方既白撒起謊來面不改色心不跳:“昨天看電影,散場時間太晚了,寢室都鎖門了。”

“哦,這樣啊。看小何這樣應該是認床吧,看起來精神不太好的樣子。嗐。不過學校附近的賓館確實不靠譜,都是專門坑學生的。”

“那我先帶何安在回去休息了。”

“哦好——對了,下午的課你倆別忘了。”

回到寢室,何安在就趴在了床上,方既白坐在一邊給他仔細地按摩腰。

“衣冠禽獸!”何安在小聲地說。

“嘿嘿,還不是你太勾人了。”方既白故意按重了些,何安在頭埋在被子發出一聲悶哼。

“下次必須節制一點兒!”何安在悶悶地說。

“好,下次不會這麽胡來了。我這不第一次沒什麽經驗嘛,您大人不記小人過。”

何安在沒接話,閉著眼睛假寐。

過了一會兒,何安在扶著腰坐起來:“好了,你也休息休息吧,別按了。按這麽久,胳膊都累酸了吧。”

“不累,這才十幾分鐘呢,你覺得舒服就好。”

這時方既白的電話突然響起。

“餵媽,怎麽了?”

“好我知道了,我很快就回去。”

“怎麽了?”何安在看著他。

“我爺爺突發腦溢血,我媽催我快點回去。”

何安在握了握他的手:“別擔心,爺爺吉人自有天相,不會有事的。我陪你去請假。”

兩人匆忙去請了假,也顧不上收拾衣物就趕去了車站。

臨發車前,方既白把何安在緊緊摟在懷裏。

“給我充充電。”

何安在楞了一下,隨即回抱住他:“我等你回來。”

何安在一直站在那裏,直到那輛列車再也看不見,他還在呆呆地望著。不知站了多久,他才如大夢初醒一般回過神來。

該回去了。

“今天何安在怎麽一個人?”

“方既白好像請假了吧,有人看到他倆一塊去請假了。”

何安在從不覺得少一個人在身邊有什麽大不了的。

“小何,你倆……別真是在一起了吧?”晚上回到寢室,沈臥趁著趙其鏜去洗澡了,湊到何安在身邊小聲地問。

沈臥有時也和趙其鏜說起這兩人,趙其鏜總是和他說不準多問。

“怎麽突然這麽問?”

“今天方既白不是請假了嗎?我看你一個下午都魂不守舍的。”沈臥又指了指桌子上的零食,“你肯定也沒好好吃飯吧。”

“沒胃口就不想吃了。”

“你這副病懨懨的樣子讓白子看見了不得心疼死。”

“怎麽就病懨懨了?我身體好著呢!”

何安在莫名覺得煩躁,沖了個涼水澡也沒感覺好受一點兒。

躺在床上何安在怎麽也睡不著,他從櫃子裏摸了包煙出來,就叼在嘴裏,也不點火。

坐在床邊楞了一會兒,何安在覺得沒意思,把煙吐到垃圾桶裏,走去陽臺上吹吹風。

這回兒一直挨到三點多才去睡覺,何安在一起來眼皮就直跳。

上午上課的時候何安在總覺得哪兒不對勁,就好像有個人一直在盯著自己似的,即使下了課走在路上依然有這種感覺。何安在快步出了校門,七拐八拐走到一條小巷子裏。

“草,跟丟了。”

戴著口罩的男生撓了撓頭,拿出手機不知道給誰發消息。

“你在跟誰?”何安在突然出現在那人身後。

口罩男被他嚇了一跳,一見是何安在,拔腿就跑。

何安在追上那人,狠狠把他往前推了一把,那人一個趔趄倒在地上。何安在一把掐住他的脖頸,面無表情地問他:“誰讓你跟我的?”

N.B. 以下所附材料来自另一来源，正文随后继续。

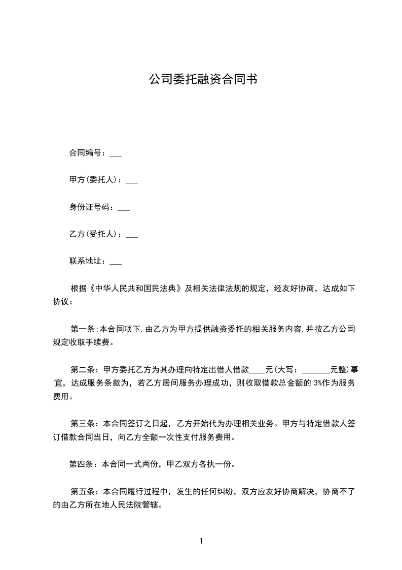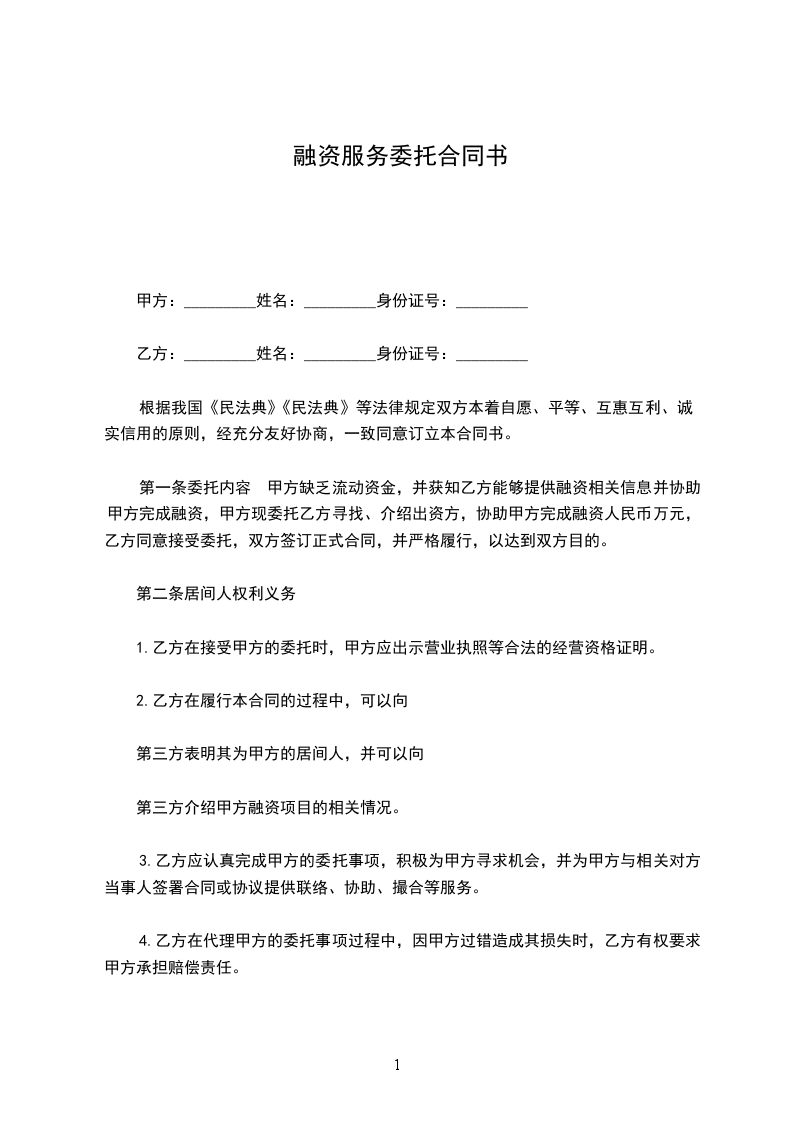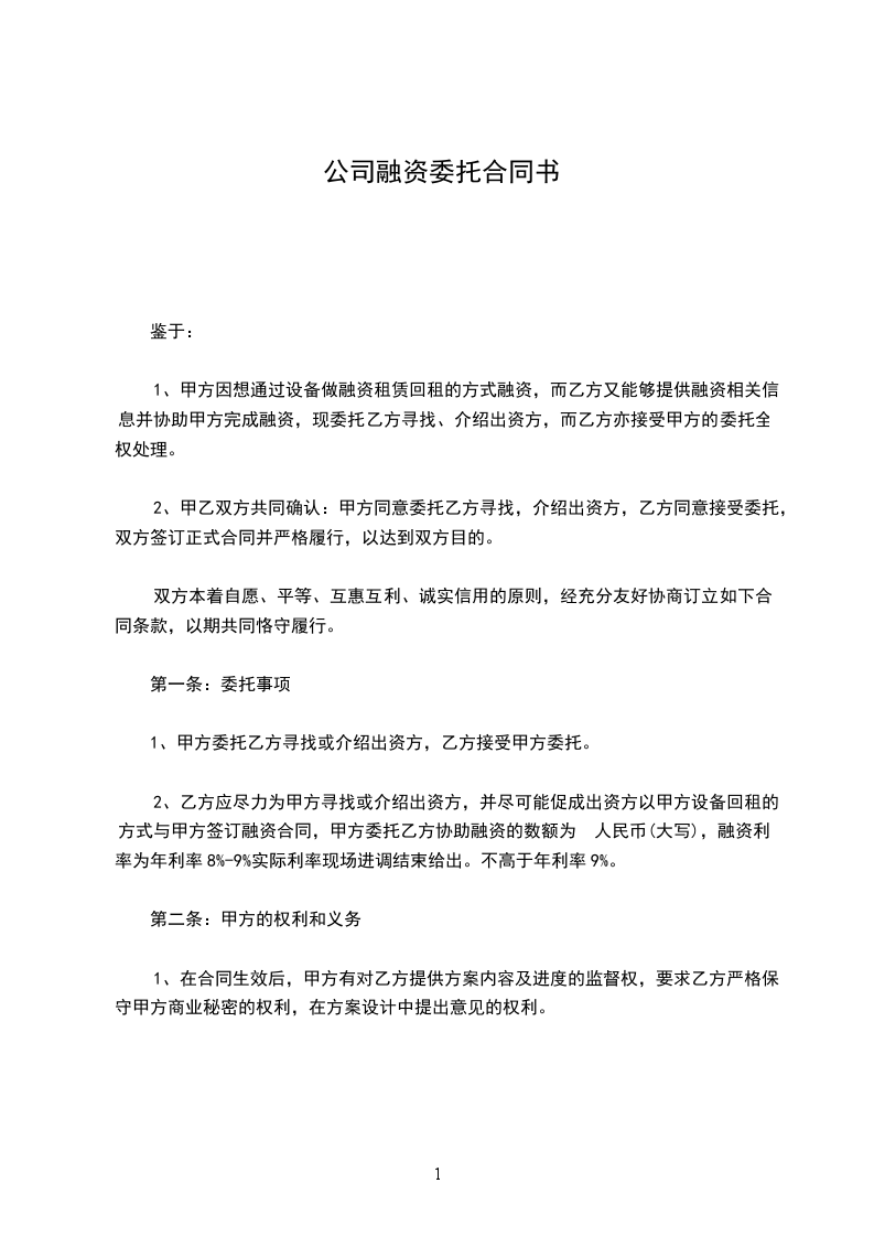 1、 甲方因项目缺乏资金,并获知乙方能够提供融资相关信息并协助甲方完成融资,现委托乙方寻找、介绍出资方,而乙方亦获知甲方的上述意愿。

那人從牙縫裏擠出一句臟話,拳頭直接砸到了何安在鼻梁上。

這麽一打反而把何安在的暴力因子喚醒了。本來就覺得不爽,送上門的出氣筒不打白不打。

等口罩男的幫手到的時候,何安在已經揍得那人鼻青臉腫了。人一多起來,何安在覺得心裏一股火燒得越來越旺了,他也顧不得打架會不會被處分了,只是鉚足了勁去發洩自己心中的煩躁。

那幾個人只想給何安在來個下馬威,何安在卻是真的不要命地去打,那幾個人看自己不占上風很快就散開了。

何安在身上多少也受了點傷,這會兒打完架才覺得自己身上哪兒都疼。

“草,這鼻子不會是骨折了吧?”何安在想了想還是沒有去醫院,去附近的藥店買了瓶紅花油就草草了事了。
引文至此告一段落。